Requirement Gathering Checklist

The product manager builds a stakeholder map covering the executive sponsor, business owner, end-user representatives, engineering lead, design lead, and any compliance / security reviewers. Note who has sign-off authority vs. who is consulted — confusing the two is the most common reason requirements get re-litigated mid-sprint.

Capture 2-4 measurable outcomes the project must move — activation rate, time-to-onboard, support ticket volume, ARR retention. Vague objectives ("improve UX") are the leading cause of scope creep; if you can't write the success metric as a number with a target, push back before continuing.

Determine whether the feature touches PHI (HIPAA), cardholder data (PCI), EU resident data (GDPR), or California residents (CCPA/CPRA). Flag accessibility scope (WCAG 2.1 AA) for any public-facing UI. Compliance constraints become non-functional requirements that change the design — surfacing them late is expensive.

Run 30-45 minute 1:1 interviews with each stakeholder group. Use open-ended prompts ("walk me through how you do this today") before closed ones. Record with consent; have a second interviewer take notes so the lead can listen. Aim for 5-8 interviews before synthesizing.

Facilitate a story-mapping or event-storming session with engineering, design, and the business owner. Use the "As a [persona], I want [outcome], so that [value]" format. Capture the workshop board (Miro, FigJam) as the source artifact for the next step.

Send a targeted survey (Typeform, Google Forms, in-app) to validate that interview themes generalize. Keep it under 8 questions; mix Likert with one open-ended. Aim for n≥30 responses before treating results as signal, not anecdote.

Use Given/When/Then or numbered AC under each user story in Jira / Linear. Each criterion is testable as a single assertion — if QA can't write a test from it, it's not done. Avoid soft verbs like "support" or "handle" without specifying inputs and outputs.

Cover performance (p95 latency targets), availability (SLO), security (authn/authz model, encryption at rest/in transit), accessibility (WCAG 2.1 AA), and observability (what gets logged/metricked). NFRs ignored at requirement time become production incidents at launch.

List entities, fields, retention rules, and PII classification. Identify upstream/downstream systems (CRM, billing, analytics) and the contract with each — REST endpoint, event topic, webhook. New external dependencies require vendor security review; flag them now, not in code review.

The tech lead reviews for technical feasibility and rough sizing (T-shirt or story points). Design reviews for UX coherence. Capture concerns as comments on the requirements doc; resolve or defer each one explicitly before sign-off.

AppSec reviews the threat model — STRIDE, data flow, trust boundaries. Privacy reviews data minimization, retention, lawful basis for processing, and DPIA need under GDPR. Required separately when the regulatory-data answer earlier was Yes.

Tag each requirement Must / Should / Could / Won't. The Must list is the MVP; Should items go into v1.1 backlog; Won't is documented to close the loop with stakeholders who asked for them. If the Must list exceeds engineering's capacity estimate, negotiate now.

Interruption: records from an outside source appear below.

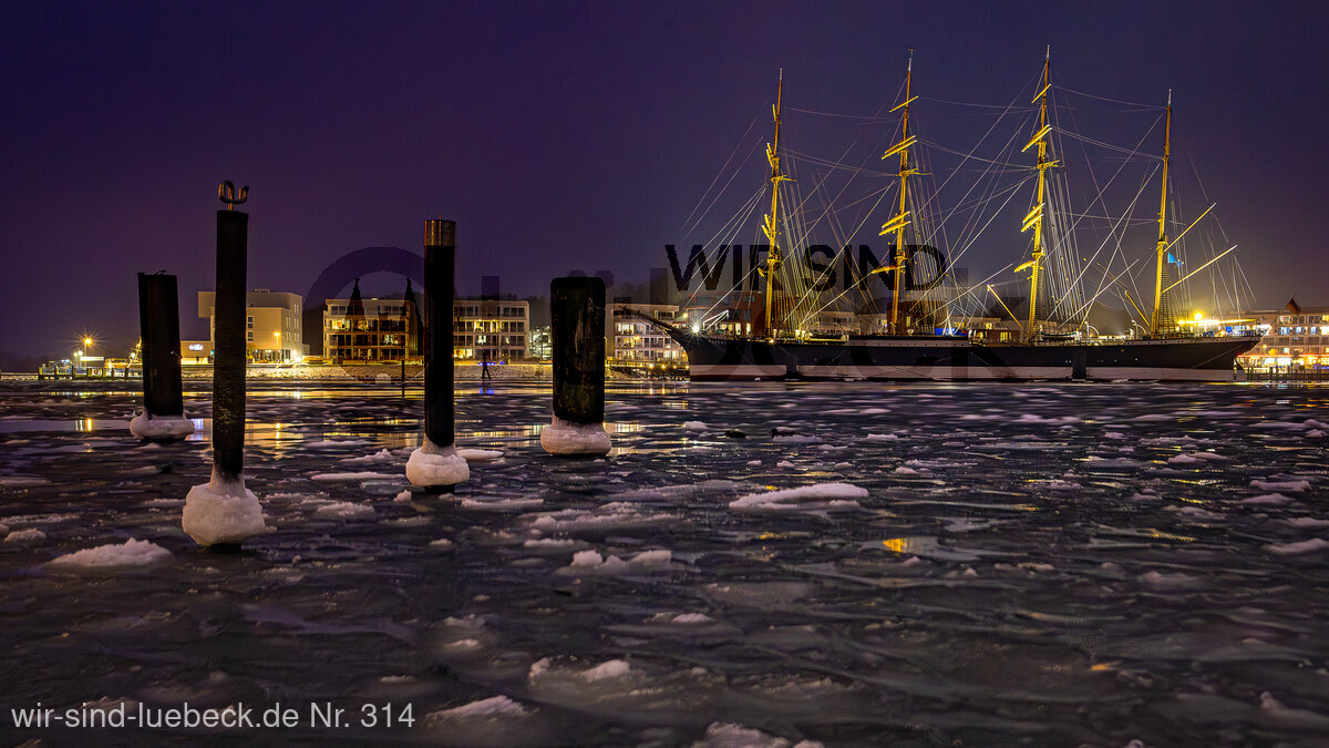 In diesen Tagen wurde die Eisdecke auf der Trave immer dicker und dichter. Abends spiegelten sich dann die Lichter des Passathafens in den Pfützen auf den Schollen. Die Strömung sorgte für ständige Bewegung und zog einige der Schollen die Trave hinauf.
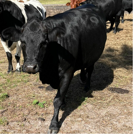 Claire is the herd leader (matriarch) and can often be seen lurking in the back of the herd, watching over everyone, making sure no funny business is about. She isn’t a fan of being pet, but she might come up for cow cookies. She is more than likely a Brangus cow, but more Brangman than Angus.
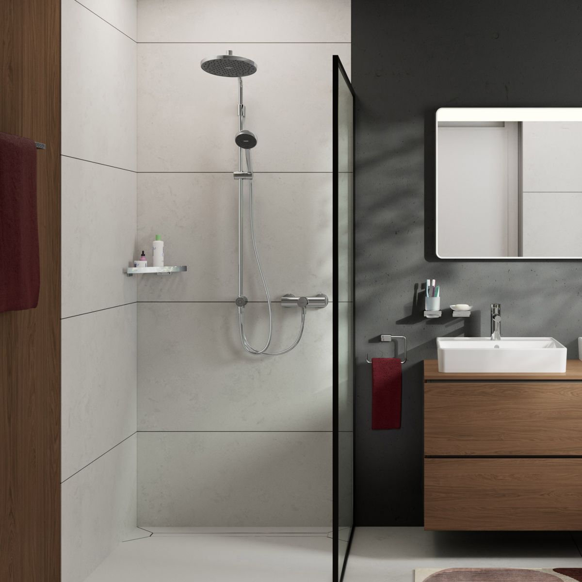 - PushSlider: Suportul de duș poate fi acționat cu o singură mână și este reglabil la infinit
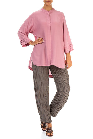 Longer Back Mauve Taupe Silk Bamboo Shirt
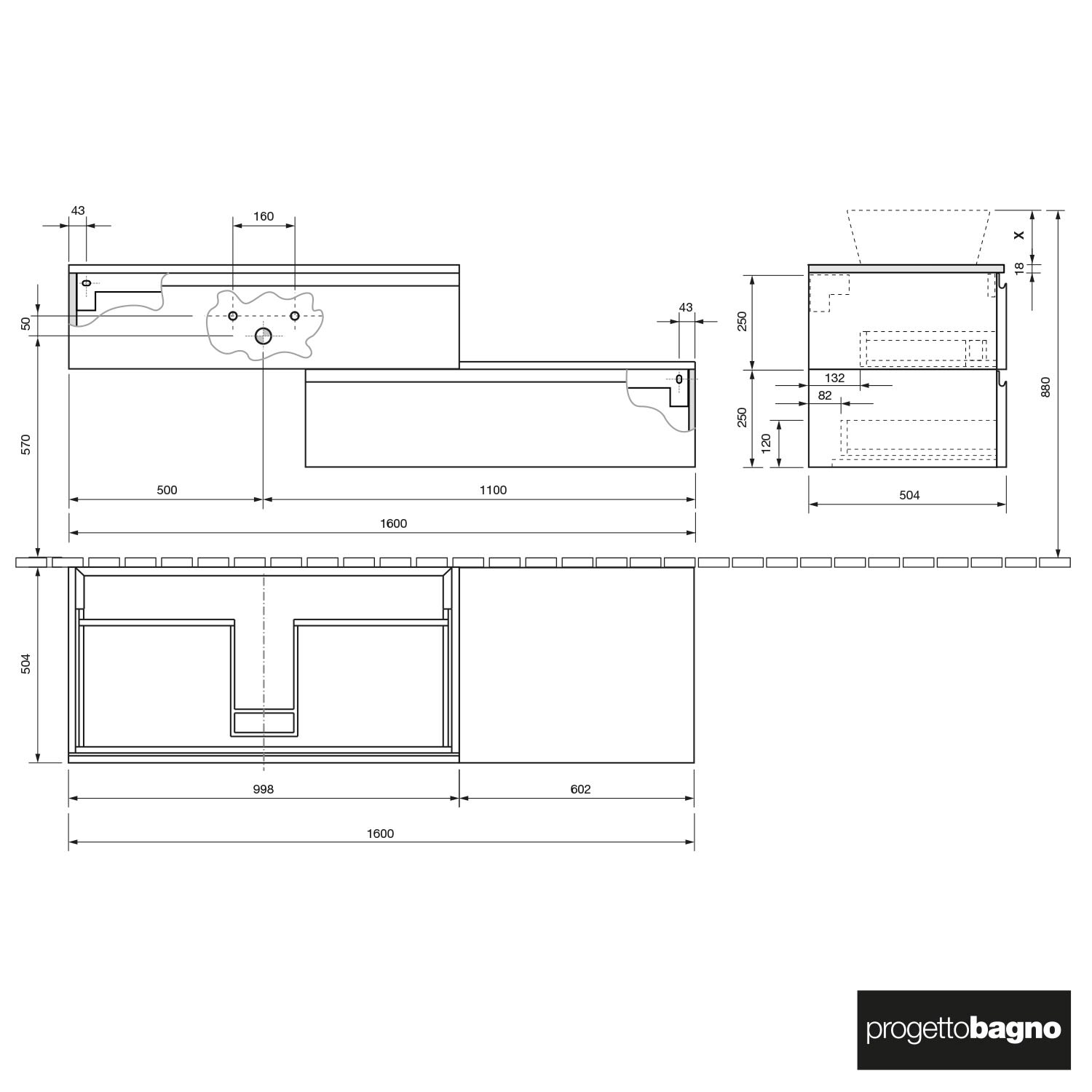 progettobagno Stresa Duo Modular Waschtischkonsole 160 cm links
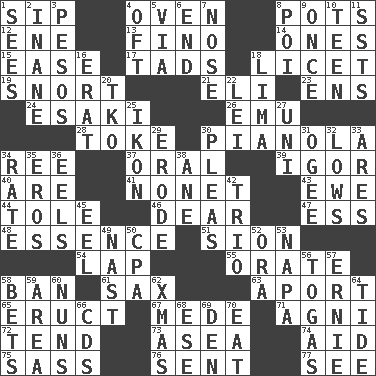 ACROSS 1. Small drink 4. Baking chamber 8. Plant holders 12. Compass dir. 13. A pale, very dry sherry 14. Washington bills 15. Comfort 17. Bits 18. It is permitted: Lat. 19. Derisive sound 21. Biblical high priest 23. Followers of ems 24. 1973 Nobel Price Winner (Physics) Leo 26. Australian flightless bird 28. Casino tip 30. Player piano 34. To separate or throw off 37. Taken by mouth 39. Russian composer Stravinsky 40. "We ___ not amused" (Victoria) 41. Music written for nine 43. She-sheep 44. Lacquered or enameled metalware 46. Letter starter 47. Curvy letter 48. Center 51. The Jewish people; Israel 54. Infant locale 55. Declaim 58. Forbid 61. Saxophone 63. To the left, to Queeg 65. Spew [out] 67. Ancient Persian 71. Hindu god of fire 72. Look after 73. At sea 74. Help 75. Backtalk 76. Emitted 77. Perceive with the eye DOWN 1. Perceives with the eye 2. Empty; void 3. Mexican monetary units 4. Often (poetically) 5. By way of 6. Conclude 7. Sense of smell 8. Luau course 9. Single time 10. Adolescent 11. Fast planes 16. Part of Q.E.F. 18. Pale green bean 20. Ring climax 22. Luau accessory 25. Visual representation of an object 27. Single; one (prefix) 29. Eat (away) 30. Entreaties 31. Double curve, resembling the letter S 32. Moos 33. Ancient Greek god of war 34. Pace 35. Greek god of love 36. Snakelike fish 38. A saturated hydrocarbon 42. Musical group of three 45. Snakelike fish 49. Political cartoonist Thomas 50. Numbers guy (abbr.) 52. Mouth or opening 53. California wine valley 56. Ancient Roman robes 57. Bert's buddy 58. Wagers 59. Type of rug 60. Religious women 62. Dec. holiday 64. Event that recurs at intervals 66. Music discs 68. Compass dir. 69. Lair 70. Consume
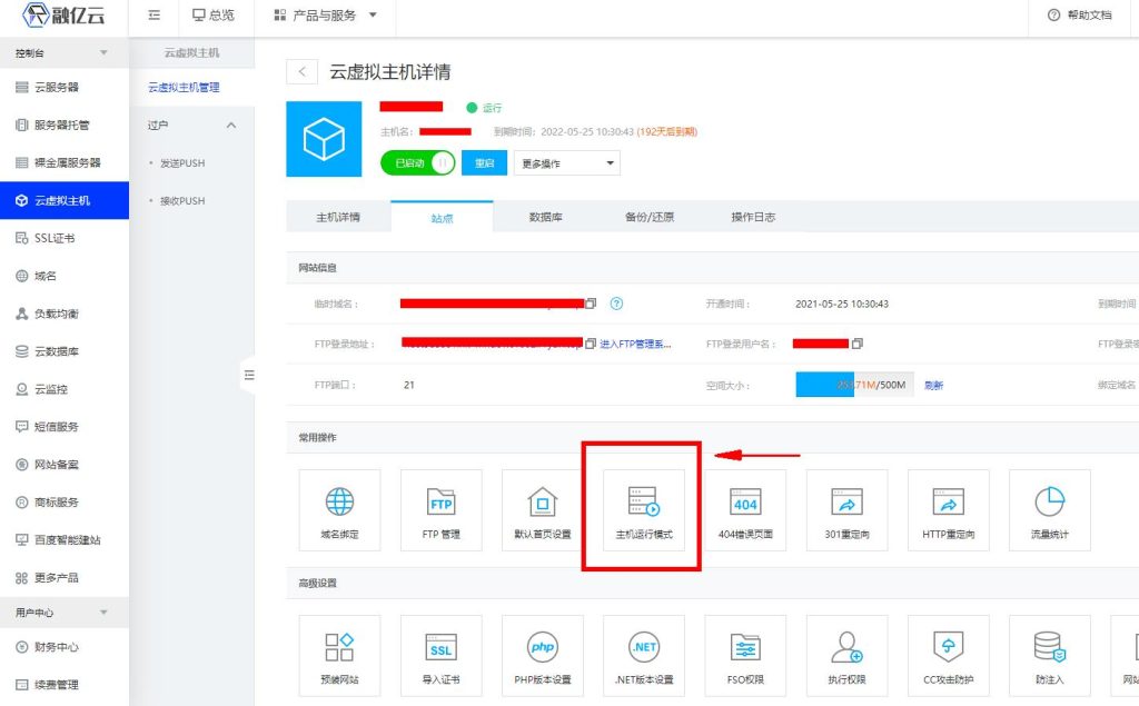 融亿云的云虚拟主机怎么打开详细错误? 首先登录控制台,然后点击云虚拟主机,点击管理,随后点击站点 在常用操作内,找到主机运行模式并打开 在随后的选项选择调试模式 然后点击确定就可以,再访问自己的域名,就可以查到具体错误的原因了。 安全建议:在排查处理完问题后改回发布模式,可以减少虚拟主机的安全风险
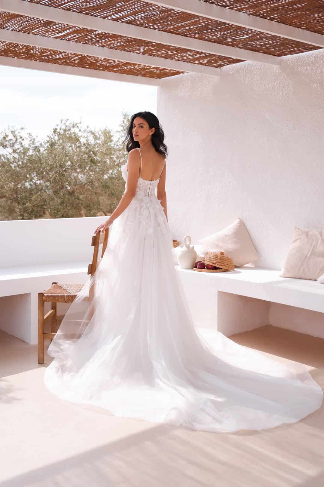 Zarter Tüll trifft auf feine Spitze, während 3D-Blumen vom kunstvoll verzierten Oberteil fließend in den Rock übergehen. Der feminine V-Ausschnitt mit schmalen Trägern sorgt für eine elegante Silhouette, während der tiefe Schlitz und der transparente Rock mit darunterliegendem Minikleid moderne Sinnlichkeit ausstrahlen. Ein Kleid, das Romantik und Coolness perfekt vereint.
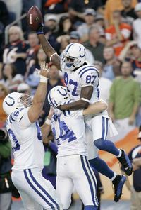Reggie Wayne (87), de Potros, es felicitado por sus compañeros luego del touchdown que el receptor abierto marcó contra Broncos de Denver
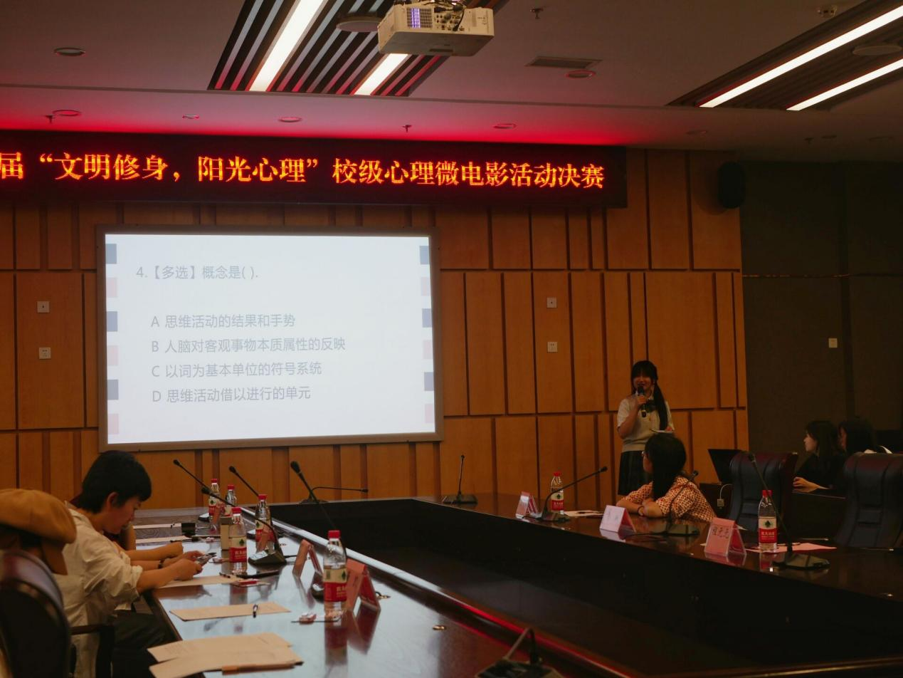 5月21日下午14:00,由学生处主办,2138CC太阳集团承办、文学与新闻学院协办的第十七届“文明修身,阳光心理”校级心理微电影大赛总决赛如期于2138CC太阳集团图书馆第五会议室举行。 此次比赛的目的是为了提高大学生的心理素质及适应社会生活的能力,培养大学生良好的个性心理品质,在全校范围内共同创造出“人人关爱心灵,处处青春洋溢”“彼此互帮互助,共同快乐前进”的氛围。
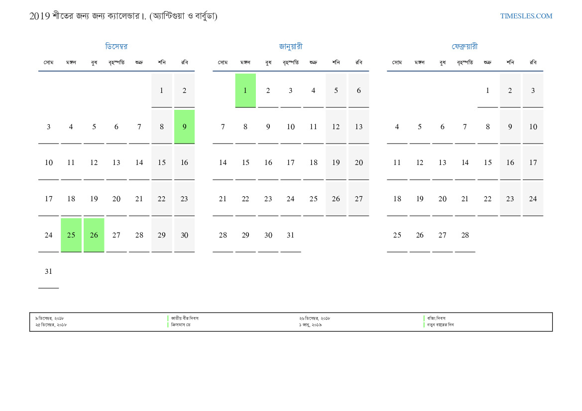 ছুটির দিনগুলি ল্যান্ডস্কেপ ক্যালেন্ডার
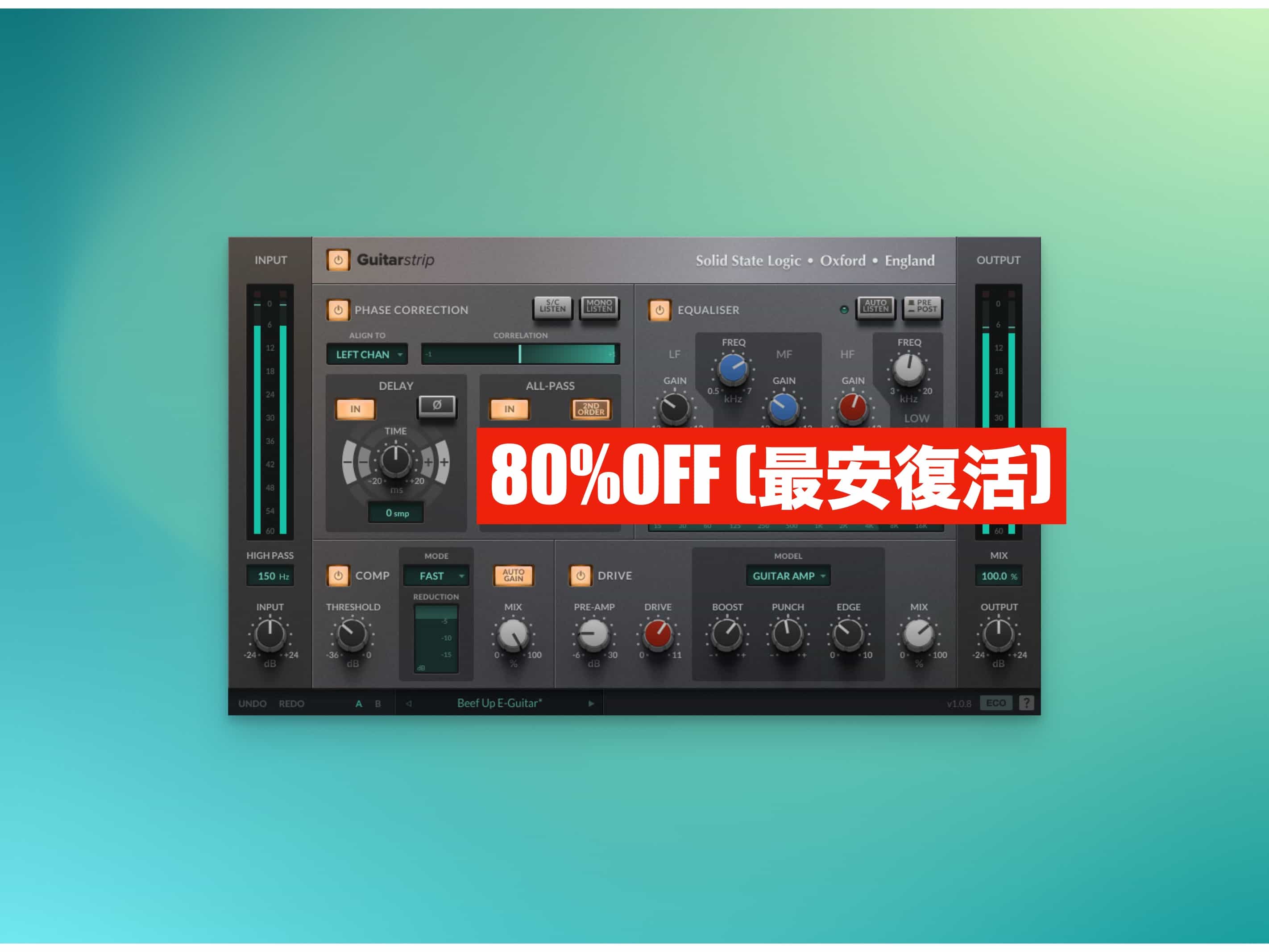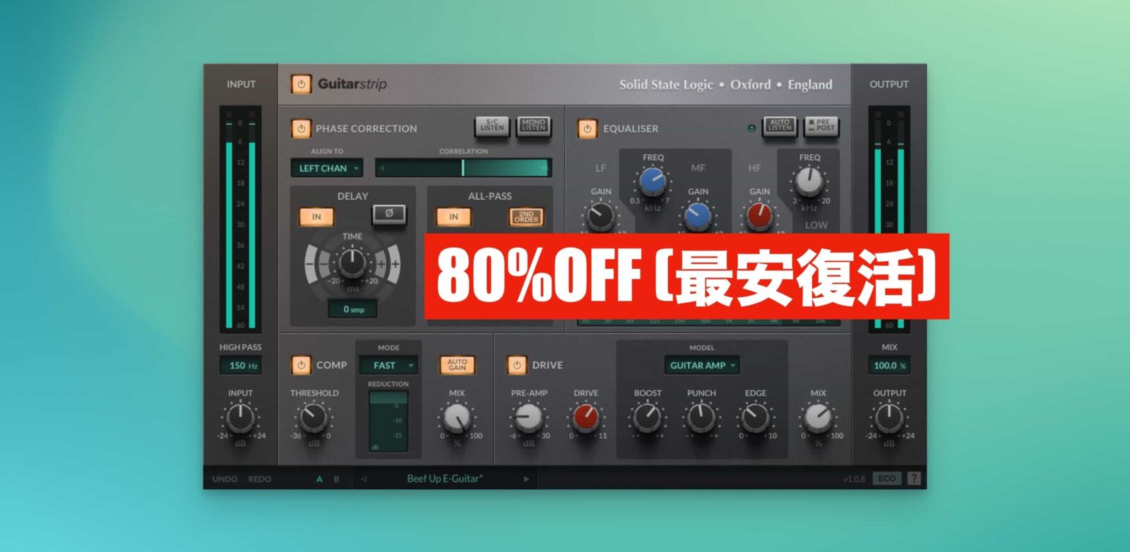 短期セール『SSL Solid State Logic Band Bundle & Channel Strip Flash Sale』で、80%OFF(99ドル→19ドル!:最安値圏)になっています。

Resolve each comment with a change to the doc or a written rationale for keeping current language. Track the diff so reviewers can re-review just the deltas, not the entire document.

Each Must-have requirement becomes an epic; each acceptance criterion becomes a story or task. Link back to the requirements doc URL on every epic so future readers can trace the origin without asking around.

Document who can approve scope changes mid-build, what triggers a full re-review (e.g., any change to NFRs, data model, or compliance scope), and where change requests are filed. Without this, every "small tweak" becomes a side-channel Slack ask.